Autonomie financière des collectivités territoriales

En ouverture des débats, Paul Loridant a rappelé les raisons de l’opposition du groupe CRC : « Ce projet révèle la vision libérale de la décentralisation mise en œuvre par le gouvernement. Il ne peut en résulter qu’une insécurité financière pour les collectivités et une rupture d’égalité entre les citoyens. Le spectre d’une explosion de la fiscalité locale se précise, puisque les compétences transférées ne sont pas compensées par des contreparties adéquates. »

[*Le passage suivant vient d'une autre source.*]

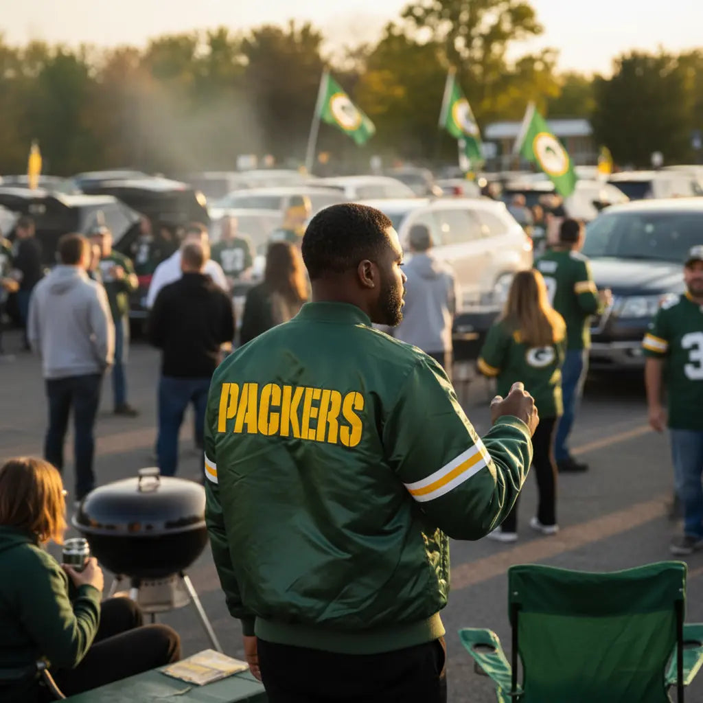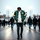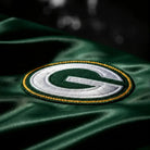 Show your Packers pride with this bold Green Bay Packers letterman varsity jacket. The striking green satin body combined with the genuine leather sleeves creates a stylish and durable look. The embroidered Packers logo adds authenticity, while the ribbed collar, cuffs, and waistband offer a snug, comfortable fit. Perfect for game days or casual outings, this jacket lets you display your team spirit in ultimate style."

Chez OCT, les "patrons voyous" frappent de nouveau

A l’occasion d’une question d’actualité, Paul Loridant est revenu sur le cas de l’entreprise OCT, dans l’Essonne, nouvelle illustration du comportement des "patrons voyous". Le pouvoir actuel, a estimé le sénateur-maire des Ulis à l’adresse de François Fillon, porte une lourde responsabilité dans ce genre d’affaires : "Au-delà de toutes les déclarations de compassion, spécialité de ce gouvernement, pour les victimes des plans sociaux, vous conduisez une politique d’austérité salariale et budgétaire. Les plans sociaux et les patrons voyous peuvent être dénoncés par le gouvernement. La réalité, têtue, vous rattrape."